Let me illustrate the issue with a very simple problem.

DEFAULT CASE

A reference solution can be obtained with the following code

w2 = 6;
m = 2;
T = 2.0;
sol = NDSolveValue[{q'[t] == ζ[t], ζ'[t] + w2*Sin[q[t]] == 0, 
                    q[0] == Pi/3., ζ[0] == 0}, {q, ζ}, {t, 0, T}]

Solutions are smooth. One can easily plot the time derivative of the first solution with

Plot[sol[[1]]'[t], {t, 0, T}]

FEM CASE

The same solutions can be obtained by using the Finite Element Method option of NDSolve:

solFEM = NDSolveValue[{q'[t] == ζ[t], ζ'[t] + w2*Sin[q[t]] == 0,
                       DirichletCondition[{q[t] == Pi/3., ζ[t] == 0}, t == 0]}, 
                      {q, ζ}, t ∈ Line[{{0}, {T}}], Method -> {"FiniteElement"}]

Of course, the solutions are also smooth in this case and the time derivative of the first solution can be plotted with

Plot[solFEM[[1]]'[t], {t, 0, T}]

We can compare both plots and see that the one coming from the Finite Element Method has some chattering to it:

enter image description here

This is of course just one basic example and the issue shown here tends to be more troublesome for more complicated situations.

So, why does this happen?

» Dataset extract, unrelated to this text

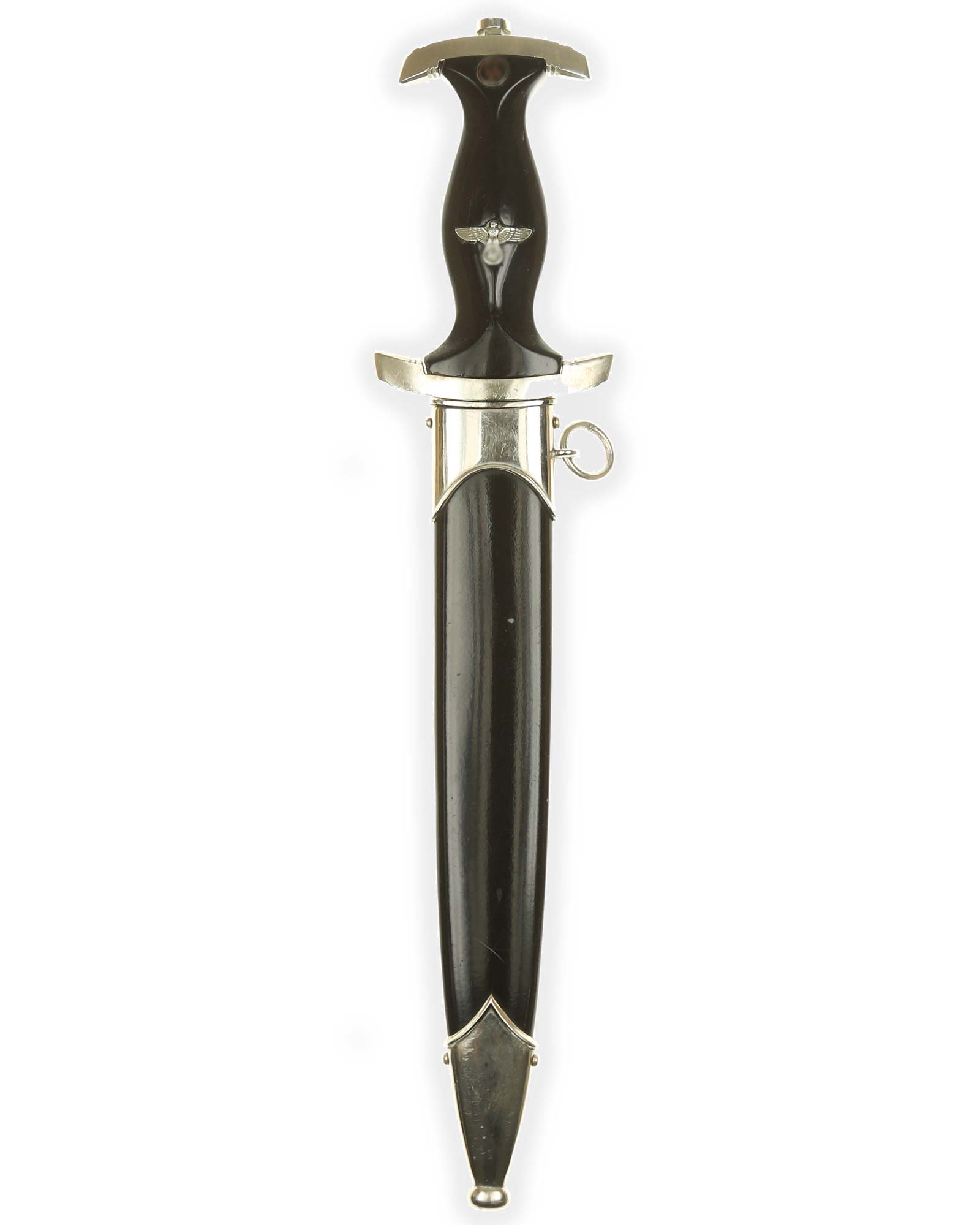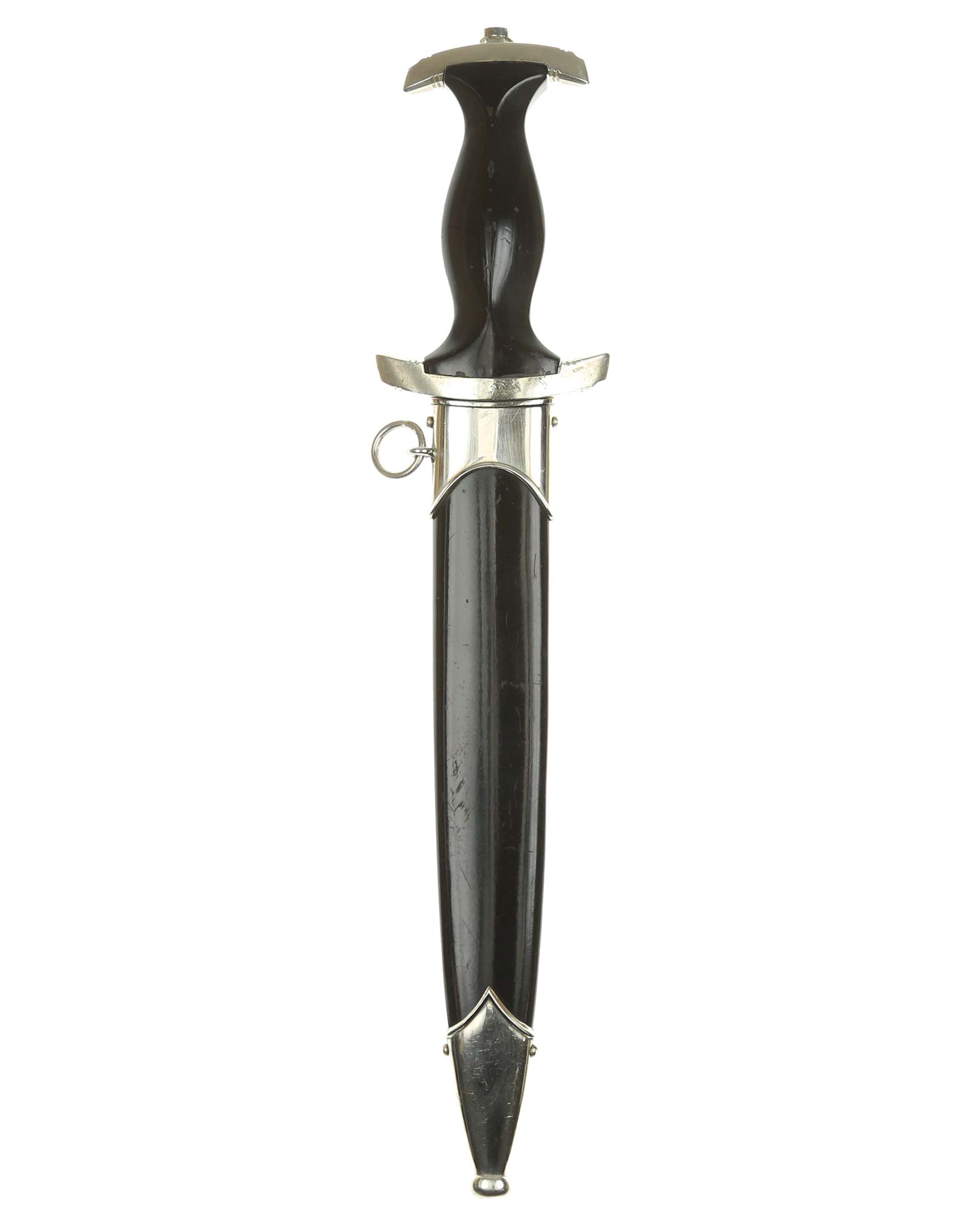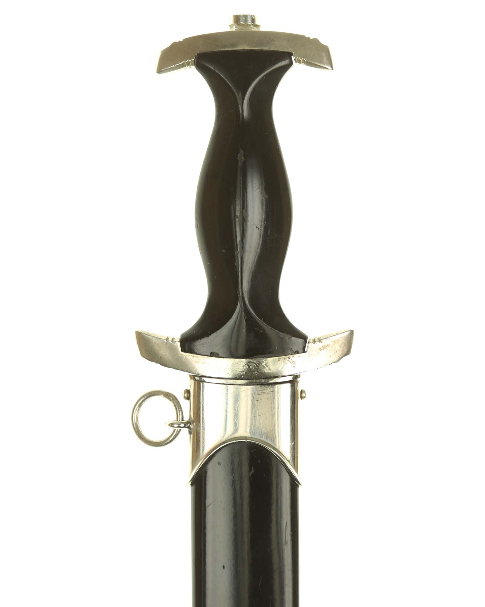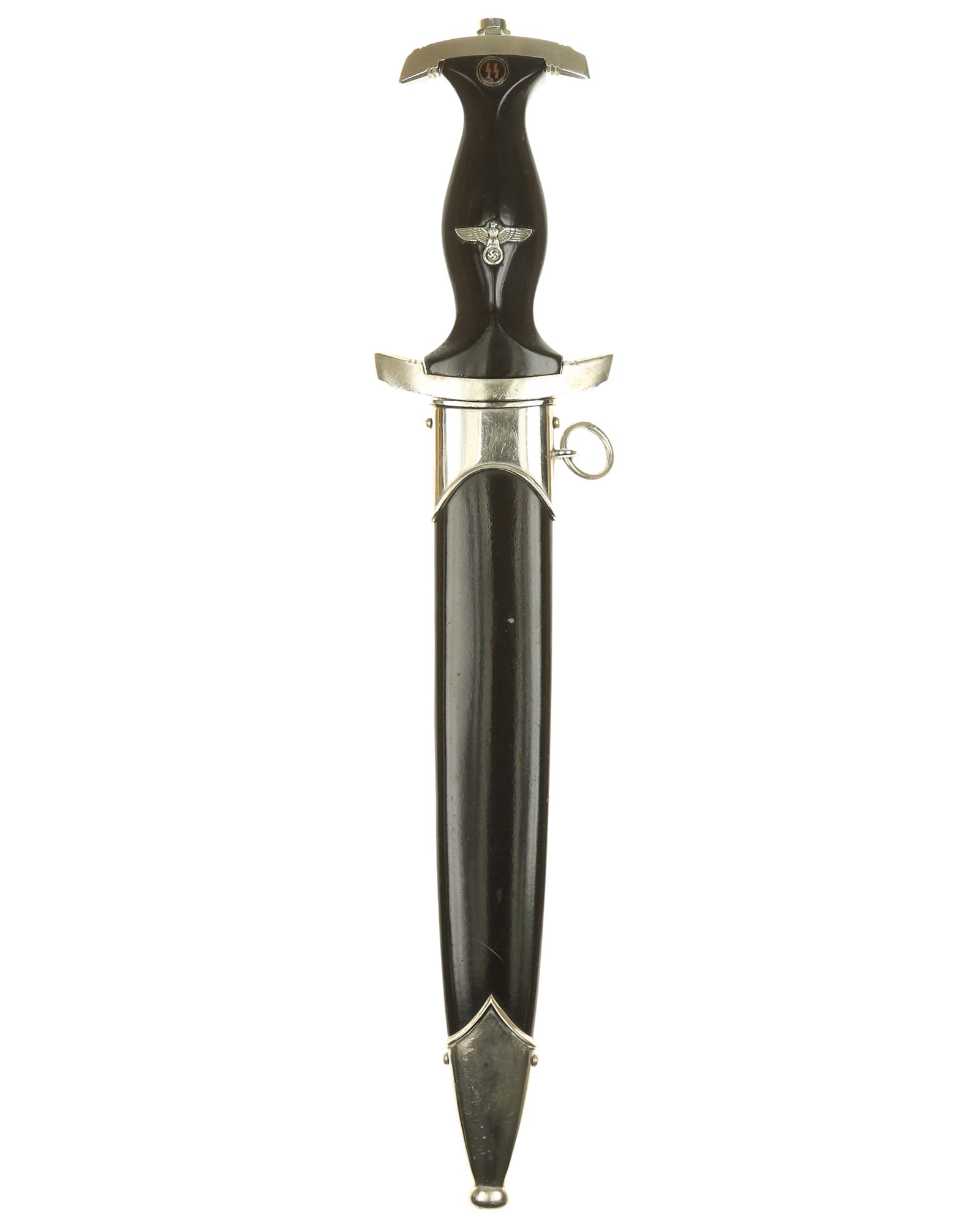 Grip: This grip fits the crossguards. The dagger having solid nickel cross guards. The reverse lower cross guard is district marked with the Roman numeral, "III" for Berlin. The guards are nice and smooth throughout. The ebony grip is in good condition. The SS runes are nice and silvery, with matching double circles around them. The wood of the SS Dagger’s grip has retained all of its deep black color.

And since I really need the FEM option for a specific scenario, how can this be avoided or treated?

EDIT 1

On appearance, an easy fix would have been to reduce the cell size of the FEM method. This can be achieved by setting the "MaxCellMeasure" size to something smaller (like 0.01 or 0.001 for example):

 solFEM = 
 NDSolveValue[{q'[t] == ζ[t], ζ'[t] + w2*Sin[q[t]] == 0, 
   DirichletCondition[{q[t] == Pi/3., ζ[t] == 0}, t == 0]}, 
   {q, ζ}, t ∈ Line[{{0}, {T}}], 
   Method -> {"FiniteElement", "MeshOptions" -> {MaxCellMeasure -> 0.01}}]

However, this only "hides" the issue to the bare eye. One can still see the chattering effect when zooming around the minimum for example:

enter image description here enter image description here

Why would this matter?

My problem with this issue has nothing to do with the curve appearance. On a practical level, if I want to determine, say, the local minimum (or maximum) near some region, then FindMinimum (or FindMaximum) will inevitably fail. I can easily find the local minimum near t->0.5 for the "default" solution:

FindMinimum[sol[[1]]'[t], {t, 0.5}]
(* {-2.44949, {t -> 0.688223}} *)

However, this is not possible with the FEM solution because chattering obviously affects FindMinimum:

FindMinimum[solFEM[[1]]'[t], {t, 0.5}]

••• FindMinimum: The line search decreased the step size to within the tolerance specified by AccuracyGoal and PrecisionGoal but was unable to find a sufficient decrease in the function. You may need more than MachinePrecision digits of working precision to meet these tolerances.

(* {-2.1981, {t -> 0.5}} *)

Because of chattering, this simple operation becomes impossible even when directly feeding a very close initial guess:

FindMinimum[solFEM[[1]]'[t], {t, 0.688223}]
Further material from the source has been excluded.